In Manhattan in the twentieth century, some large-scale developments were as big as small-to-medium-sized towns in other parts of America. This was the case with Stuyvesant Town, initiated in 1942 as the largest "superblock" development ever undertaken up to that time.
The design called for the clearing of 72 acres (including approximately 600 existing buildings) in order to create space for an orderly high-rise village for working- and middle-class singles and families.
The resulting development consisted of 235 towers of 12 to 13 stories. A total of 24,000 people would eventually live here, almost two and a half times the pre-clearance population.
The site plan drew heated criticism, because its beautifully landscaped parklands and central oval were private property, and the entire complex was cut off from Manhattan's grid by a walled perimeter.
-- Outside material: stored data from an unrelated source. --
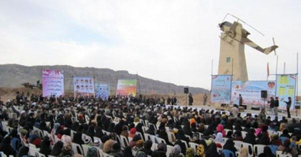 عملیات ضربت ذولفقار
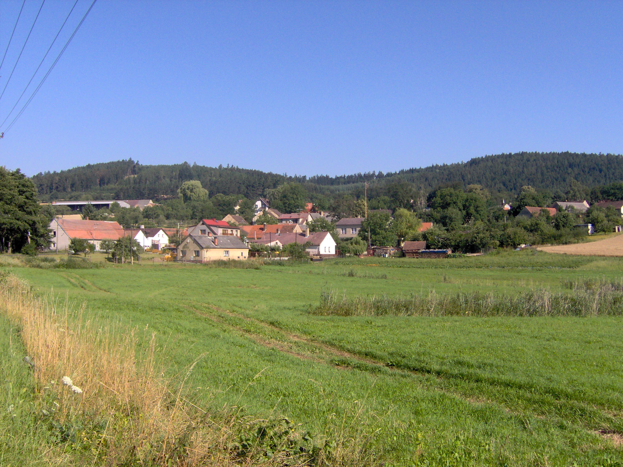 A wiev of Droužetice, Strakonice District, Czech republic
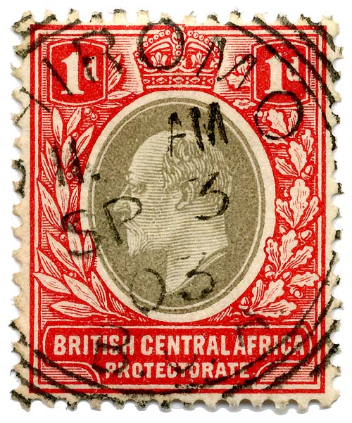 Scan of British Central Africa 1p stamp of 1903
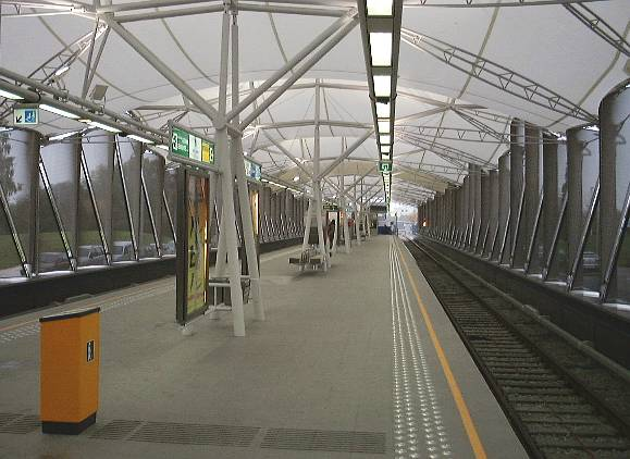 Platform of Erasmus / Erasme station, Brussels metro
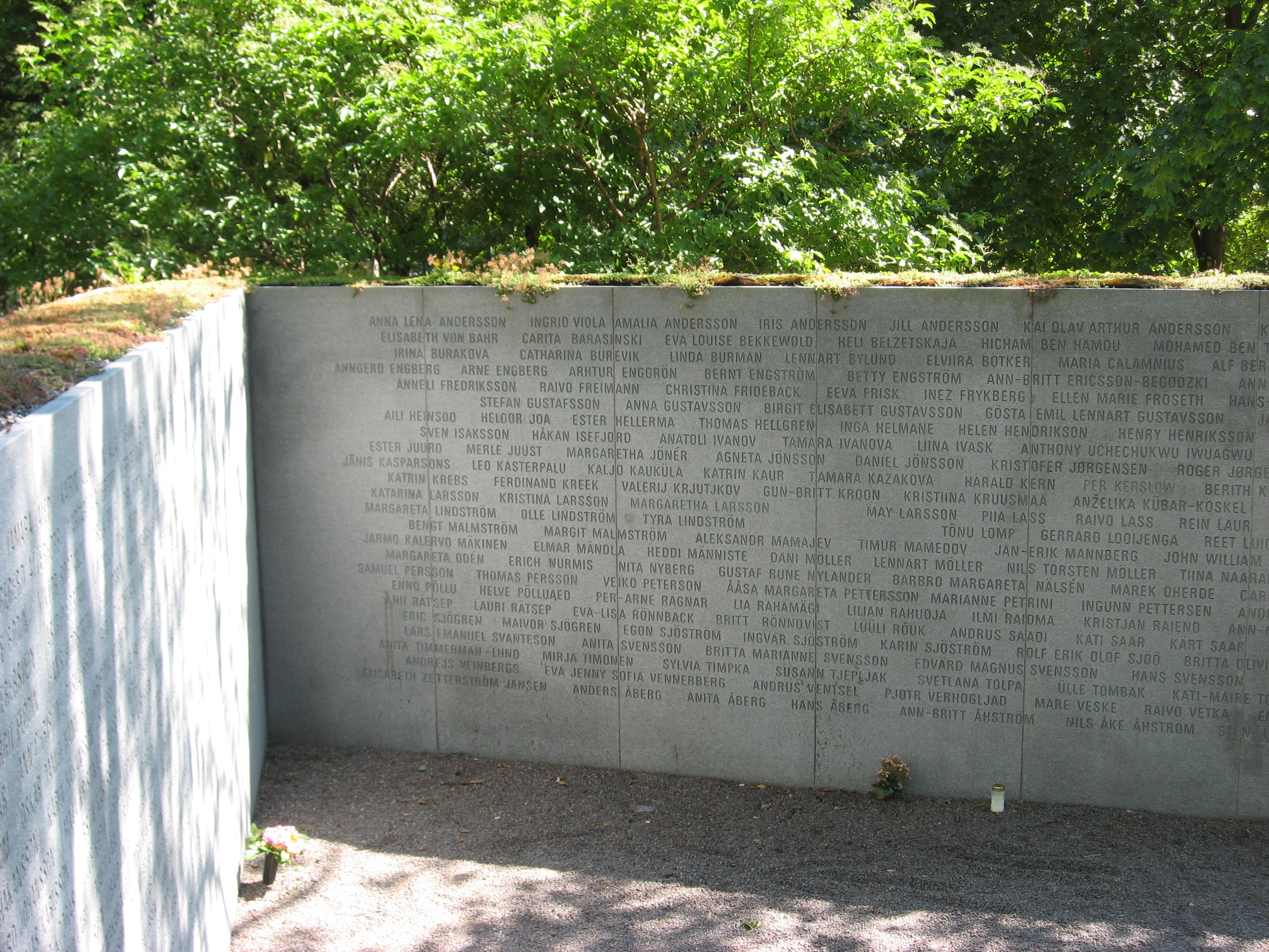 Memorial of M/S Estonia in Stockholm, Sweden.
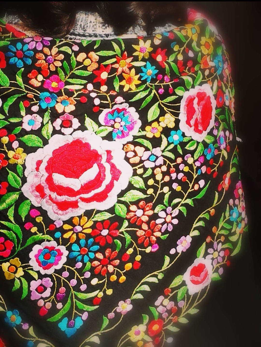 Manton típico de albala
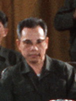 Colonel General Trần Văn Trà, 1973
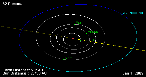 32 Pomona orbit, and his position on 01 Jan 2009 (NASA Orbit Viewer applet)
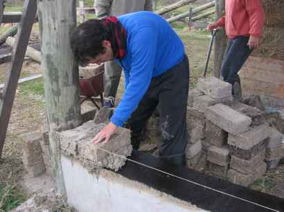 Levantando un muro de adobes sobre una viga de cimentación
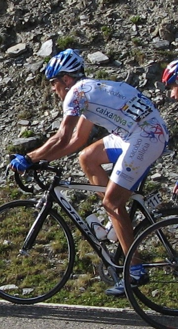 David García, 2008 Vuelta a España, 8th stage, Port de la Bonaigua, Spain.
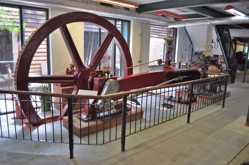 Hick Hargreaves No 303 Steam Engine, near to Forncett st Mary, Norfolk, Great Britain. This is a 50 horse power Hick Hargreaves No 303, being the oldest engine in the Forncett collection. Constructed at Bolton, Lancashire in 1873. It has a single cylinder of 13 inch bore by 36 inch stroke, its 10 foot diameter flywheel runs at 66 revolutions per minute. This engine originally powered a lace factory in Nottingham but became obsolete in 1940 and fortunately survived until 1980 when it was donated to the museum by Kontac Ltd and Jane D Knitwear . For a view of the engine in its original position see SK5640 : Gamble's Factory, steam engine .
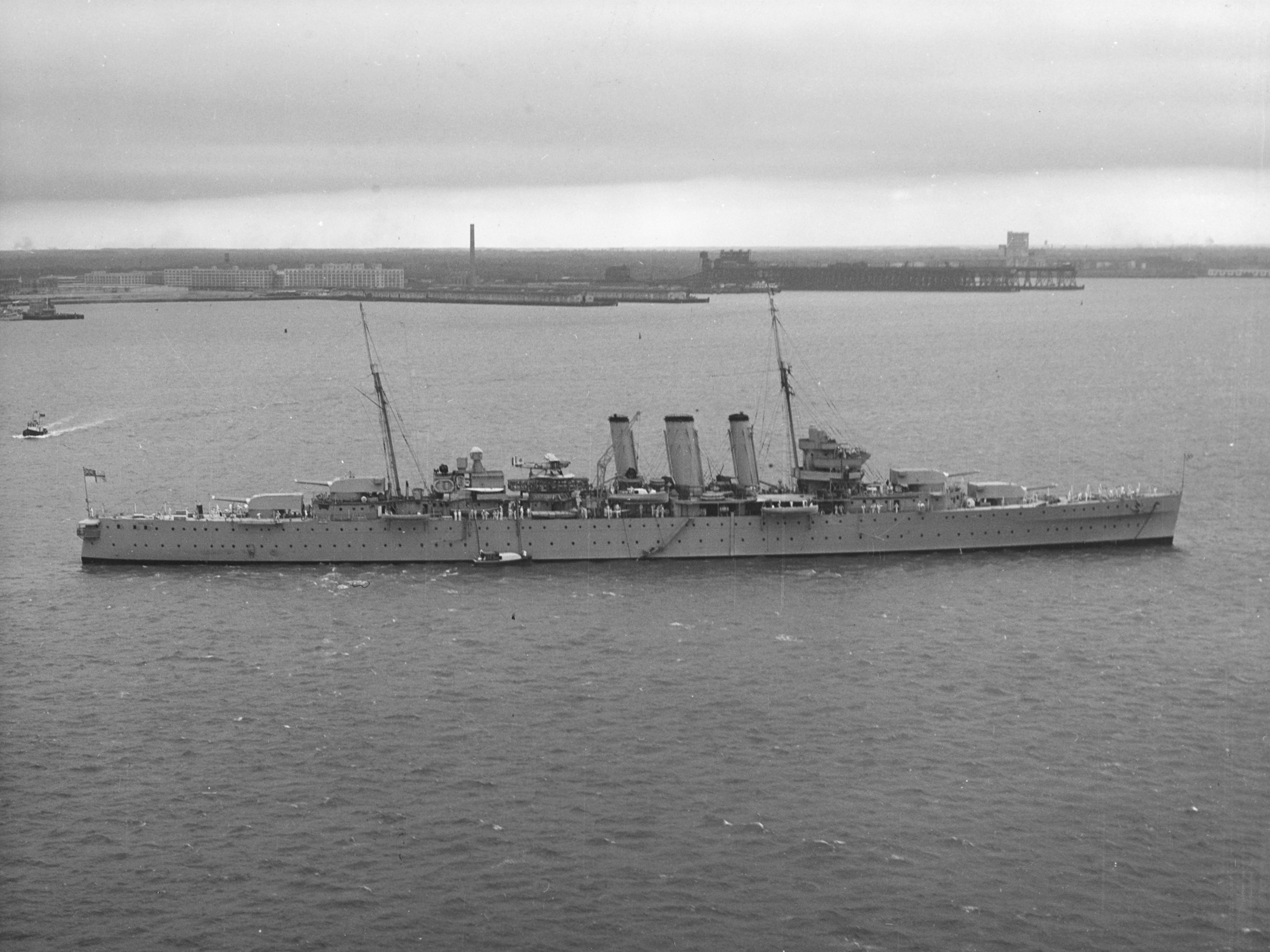 The Royal Navy heavy cruiser HMS Norfolk (78) in Hampton Roads, Virginia (USA), on 29 September 1933.
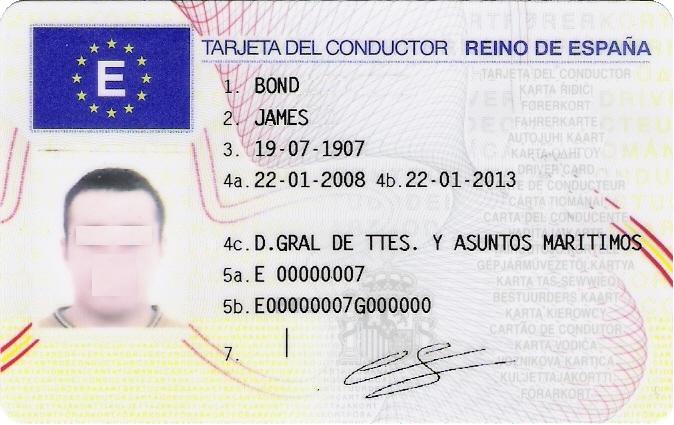 Driver card digital tachograph (front).
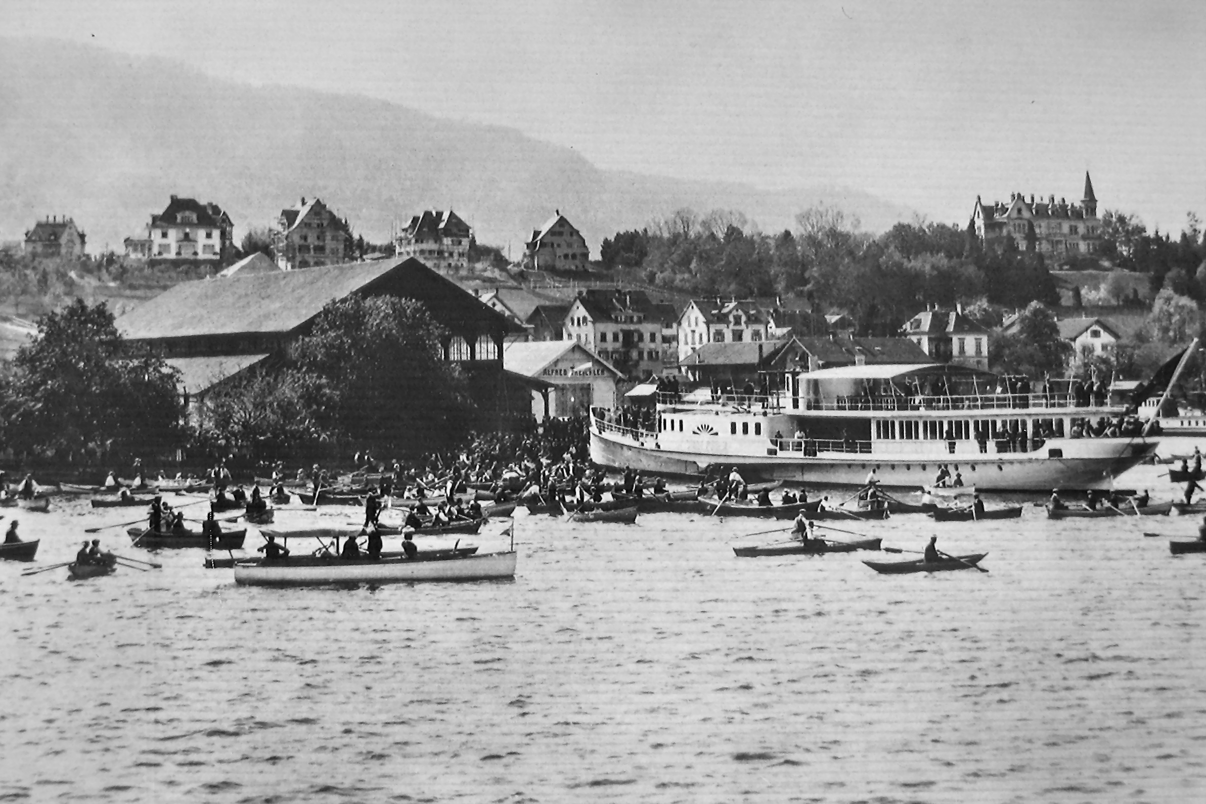 Zürichsee-Schiffahrtsgesellschaft (ZSG) : Paddle steamship «Stadt Zürich» (1909) at Zürich-Wollishofen.

But early residents praised the affordability of the complex and the views from the towers.
In 1947, the same year that Stuyvesant Town opened, the project's developer and architect opened a sister project immediately to the north. Rents at Stuyvesant Town had been kept affordable thanks to government incentives, but the adjacent Peter Cooper Village was designed to appeal to residents with more means. To separate it from the original development, the 21 towers were taller and were set on a diagonal to the surrounding street grid.
Stuyvesant Town and Peter Cooper Village again made history in 2010 when new owners defaulted, turning a record-breaking real estate deal (with a $5.4 billion price tag) into the country's largest default of a commercial mortgage.